[governance] ICANN Board Vote Signals Era of Censorship in Domain Names
Vittorio Bertola
vb at bertola.eu
Tue Apr 3 18:33:26 EDT 2007
Robin Gross ha scritto:
> Hi Vittorio!
>
> Thanks for the comments. But asking the question whether or not .xxx is
> a 'good idea' begs for a system of subjective and arbitrary policies
> from ICANN.
May I challenge the frequent use of "subjective" as a pejorative
adjective? Policy decisions in a global and very diverse environment
necessarily reflect differences in mindsets and evaluations, and thus
differ according to the person; they can't be anything but subjective.
The legitimacy lies in the composition of the Board and in the processes
that lead to it, not in the decision itself.

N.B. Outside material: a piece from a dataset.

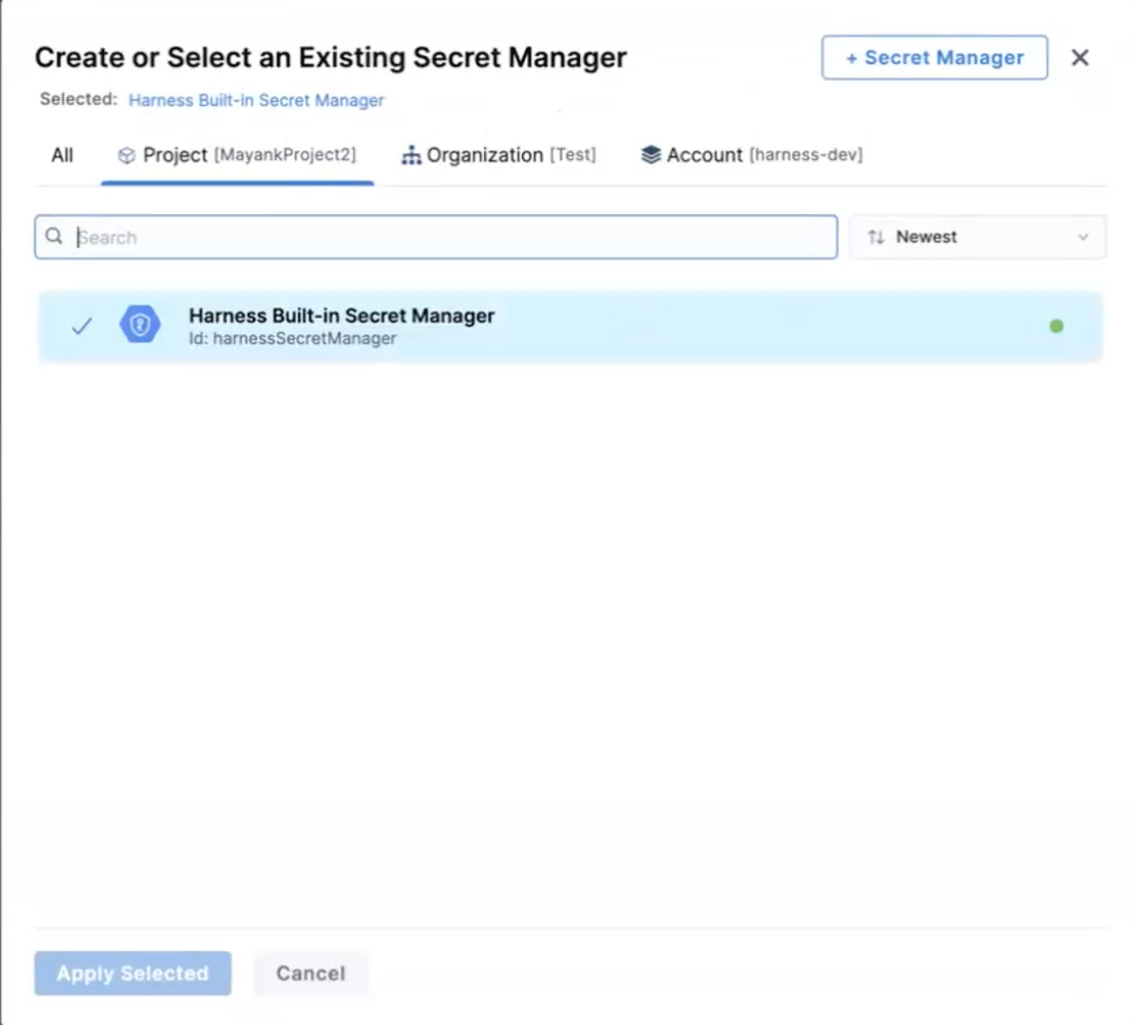 When you create a secret, Harness shows the list of secret managers at the parent scope and up the hierarchy. If you create a secret at the project level, Harness lists all secret managers scoped at the account, org, and project levels.

Apart from this, my comment on the "bad idea" was secondary to the fact
that .xxx was rejected because, in all honesty, most directors thought
that it did not meet the requirements for approval set forth in the
process. People can legitimately disagree, as long as they recognize the
legitimacy of those who disagree with them :-)
> You may be right .xxx is a stupid idea. You may be right that down the
> line some govts could use a .xxx for censorship purposes. But all of
> this is irrelevant.
> The point is that ICANN is NOT in the business of picking good ideas and
> preventing bad ideas from going forward. ICANN's mission is technical
> coordination not speech regulation.
Curiously, at the GAC Open Session the summarization of the general
sentiment of participants was "be warned that if you approve .xxx, then
you are stepping into content regulation". The exact opposite of what
you say here.
Personally, I can't see why rejecting .xxx is speech regulation, but
approving it is technical coordination. If the creation of .xxx is a
political issue, then it is so both if you approve it and if you reject
it. I think that it is utopian to think that you can discuss such an
action without considering the social and political aspects; that's what
most of the outside world expects anyway.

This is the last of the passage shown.